Seconds later, Cassius is dead. His body rolls, leaving him face down in the soft grass.
When Claudia looks up, Odette is standing above her, and Triche is still charging through the lake. He’s getting closer.
But that’s not who Claudia wants to kill anymore.
Now she has another target, and her world is tinted red. Leaping up, she tackles Odette to the ground and wraps her hands around her neck.
“I’m… sorry,” she chokes out. “I… had to… for… Marcherie.” Claudia squeezes harder until something pops. Odette gags. “It was… the only… way.” She tugs at Claudia’s hair, pushes against her shoulders. It’s no use. Claudia is strengthened by rage, drunk on vengeance.
Alistair comes between them and throws Claudia onto her back. Now free, Odette finishes the stellinguistic spell by shouting, “IN THE FERVENT DREAMS OF THOSE WHO REFUSED TO DIE.”
The spell in her hand glitters and glows and bursts into flames. Tendrils unfurl from Odette’s hands and lash out, reaching all the way to the High Sage while he closes in on the lake’s edge. Wrapped in magic, he’s held tightly in place, but because he’s not submerged, he’s not drowning.
Yet.
“I can’t hold him for long,” Odette shouts, her whole bodytrembling. “Claudia, you have to destroy Dracoemagyl and free Sidarphion or it’ll all be for nothing.”
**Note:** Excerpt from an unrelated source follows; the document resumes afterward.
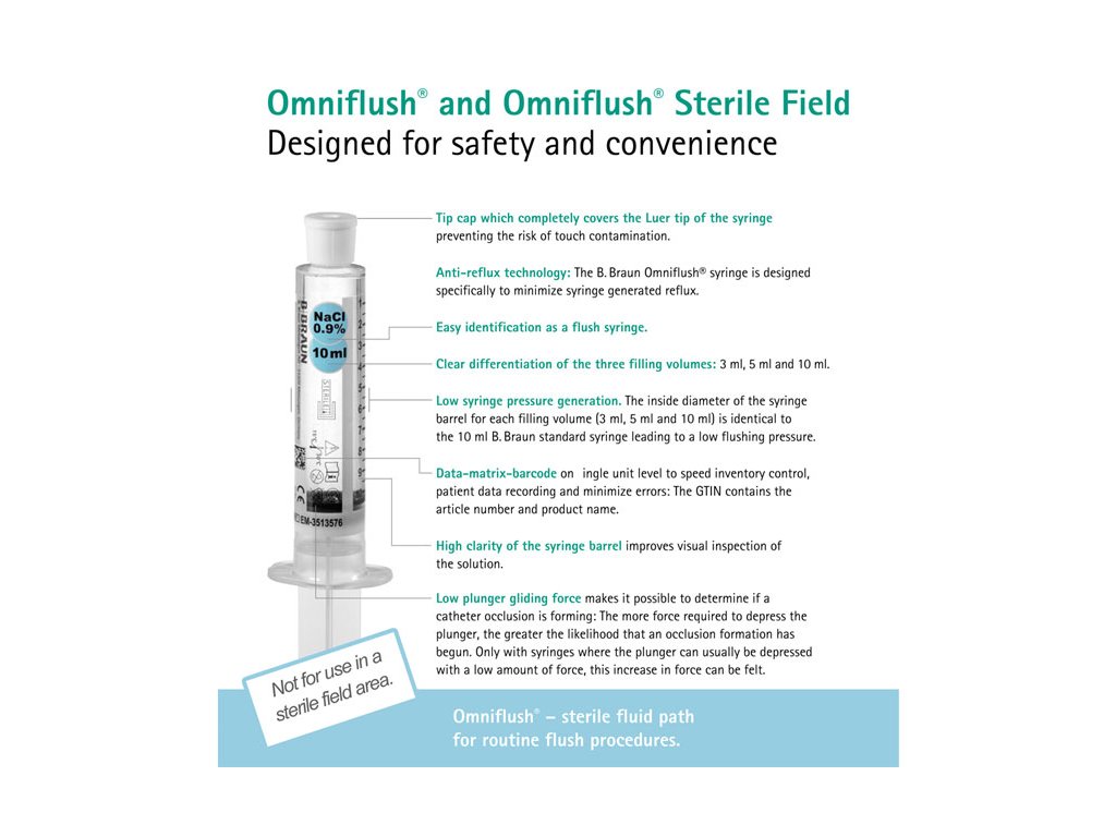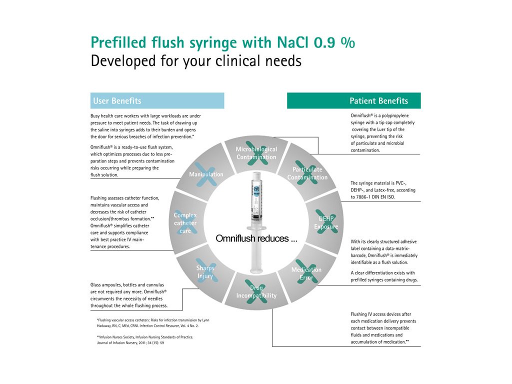 Injekční stříkačka Omniflush® je navržena speciálně pro minimalizaci nežádoucího zpětného toku krve do lumen katétru, čímž snižuje riziko zablokování katétru. S Omniflush® lze množství tekutiny použité pro proplachování snížit na požadované minimum. Pro proplachování všech složitých přístupů.

“Do it, Claud. I’ll help Cassius,” Alistair says.
Claudia knows there’s no point to Alistair’s help. Cassius is already gone. She felt the change in the air when the last of his blood spilled out, when his soul slipped out of his body.
He’s dead. There’s no saving him. It’s already too late.
But if they don’t kill Triche, the High Sage will kill all of them.
Sidarphion is their only hope, and now only a few fading stars stand between the god and his freedom.
Without Cassius’s life to feed it, the constellation of Dracoemagyl is weak. Using it just once will be enough to burn it out.
Claudia can’t find the needle, so she uses her fingernail to claw the constellation into her skin.
Twenty-three cuts for twenty-three stars. Breath skating across her new wounds, she whimpers, “Dracoemagyl. Burn.”
“STOP,” Triche yells, but it’s too late for him to stop anything. All of them look up at the sky as the constellation flickers.
Once. Twice.
Then, it falls away.
When the constellation’s light rains down, it pours into Claudia’s wounds. She can taste it on her tongue. It tastes like Cassius, and it breaks her heart. She closes her eyes tightly as strange, violent visions play across her mind.
She sees Dorian Ship cutting down the man who could’ve been Dracoemagyl. She sees him become Sidarphion—body morphing from man to god; wings sprouting from his shoulders; magic burning in his eyes. She watches him complete his first act of godhood—placing Dracoemagyl’s curse of silence in the sky.
She sees the High Sage when he was young. She watches Triche turn the cursed stars into a trap, tastes his magic tangling with the constellation. Then, she sees him ambush Sidarphion, sees the celestial walls rising and the night lowering onto the god’s shoulders. She sees Sidarphion’s eyes fill with terror just before they close, not to be opened for the next hundred years.
She then sees him awaken. She hears Odette’s scream that stirred him. She sees their bargain.
Then, she sees herself.
She sees herself through Sidarphion’s glowing green eyes.
She sees Auridolace.
When she opens her eyes, she looks up and the sky cracks in two. A single bright white star falls from the fault line and crashes directly into Starlake. The fire sizzles as the water drinks it all down. The ground beneath them shakes when the remains of the star sink to the bottom of the lake with a heavy thud. Little bubbles rise to the surface of the lake. The water ripples.
Alistair comes to her side, Angel following close with Marcherie limp in his arms. Odette stands at the end of the line. Cassius lies dead behind them.
The five of them stare at the center of the lake, waiting, watching. Triche trembles in his trap.